Purpose: To determine in Sjögren’s Syndrome (SS) patients whether or not their diagnosis is characterized by specific symptom sets. They include: 1) dry eye signs; 2) ocular surface alterations; 3) declines in salivary fluid flow; 4) clinical laboratory test results. Such an assessment was undertaken to obtain a better understanding of the pathophysiological mechanisms underlying this disease.

Methods: SS patients were subjected to ocular surface evaluation; tear flow measurements and tear film osmolarity (TFOsm) with the TearLab Osmometer. In addition, their whole salivary flow (WSF), minor salivary gland biopsy focus score (FS) and blood tests were performed. Dry eye disease (DED) diagnosis was made if: 1) Osm ≥ 315 mOsm; 2) Schirmer test (ST) ≤ 1 mm/min; 3) tear film break-up time (TFBUT) ≤ 5 sec; 4) sodium fluorescein (SF) or lissamine green (LG) staining ≥ 3. DED severity was categorized based on a method adapted from the Dry Eye Workshop (DEWS).

Results: Thirty-three patients were confirmed with SS by the American-European Criteria. Their mean age was 49.2±16 years and gender ratio was 1M:32F. All were diagnosed with DED. Among them, 63 % tested positive for anti-Ro, 48% had FS ≥ grade 2 on minor salivary gland biopsy and 75% had salivary flow ≤ 0.1 ml/min. The most relevant systemic correlations were: age and LG staining (r=0.44, p=0.016), WSF and conjunctival hyperemia (r= 0.41, p=0.026), FS and ST (r= -0.491, p=0.017). The most relevant ocular correlations were: DED symptoms and TFBUT (r= -0.47, p= 0.0064), SF with LG, ST and TFBUT (r=0.623, -0.798, -0.427, p= 0.0003, 0.0001, 0.0187, respectively), LG with ST and TFBUT (r=-0.726, -0.599p=0.0001, 0.0005, respectively), and TFBUT with TFOsm (r=-0.45, p=0.0098). There was no significant correlation between meibomian gland dysfunction and any other sign: namely, neither between ST and WSF or TOsm.

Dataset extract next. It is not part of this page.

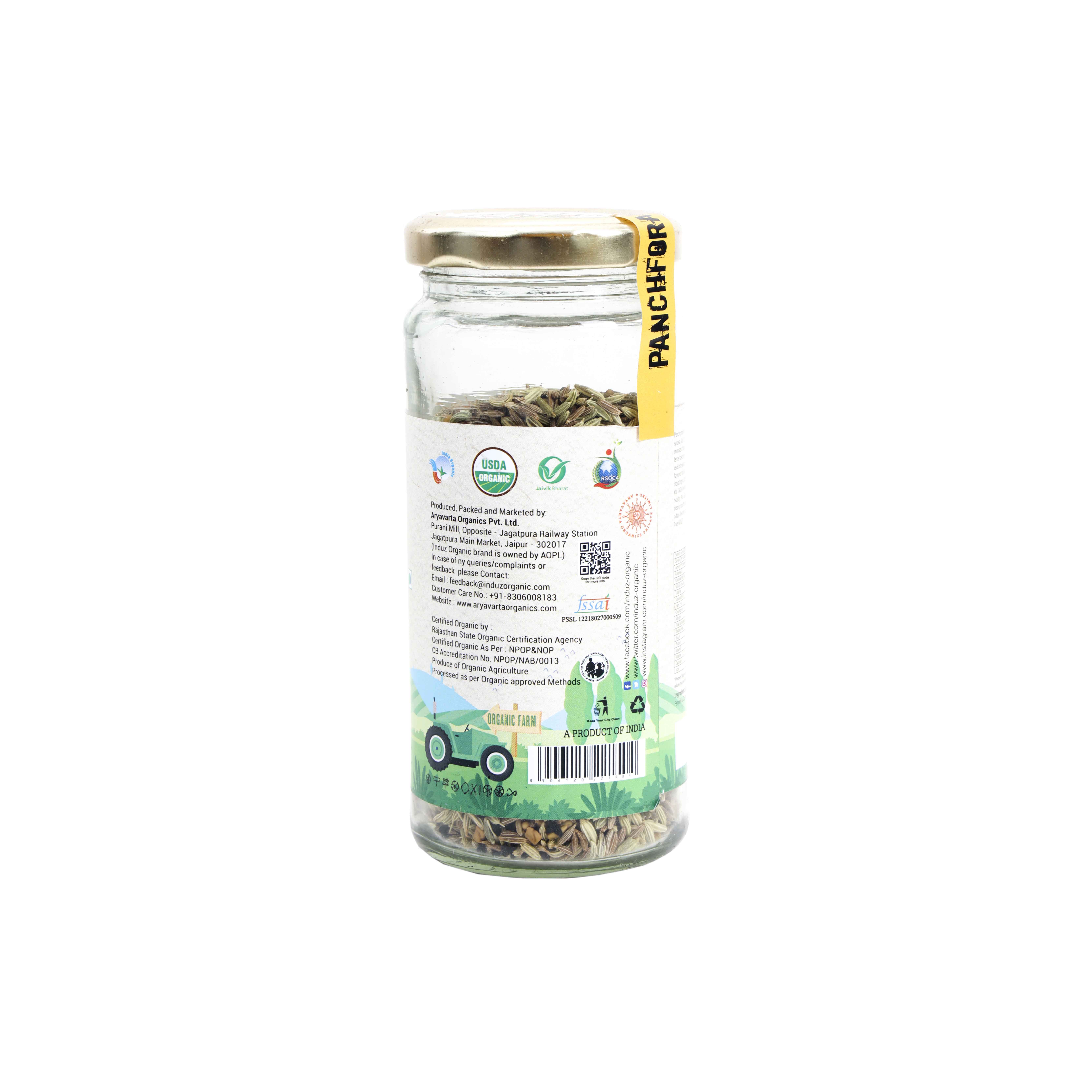 Induz Organic Panchforan - 100 GMS is a mixture of 5 spices – Fenugreek, Cumin, Nigella, Fennel & Mustard seeds. Each & every spice is Certified Organic & has been obtained from Organic farmlands across India. This spice is absolutely pure as it has not gone through any type of chemical processing. So this Organic Panchforan adds the genuine taste & flavor in Indian cuisine.Benefits : Induz Organic Panchforan - 100 GMS every spice of this Organic Panchforan has individual benefits & at the same time it makes the food delicious. Fenugreek helps to keep the blood pressure under control, Cumin maintains the digestive health, Nigella seeds are famous for their anti-inflammatory properties & Mustard protects the gastrointestinal health.

Conclusions: This study confirms that SS is frequently associated with DED. Furthermore, in SS there is a close correlation between declines in tear secretion and ocular surface damage. On the other hand, significant correlations are fewer between physical or other organ clinical test results and ocular signs or symptoms. These findings will benefit efforts to design future studies to clarify the mechanisms underlying SS.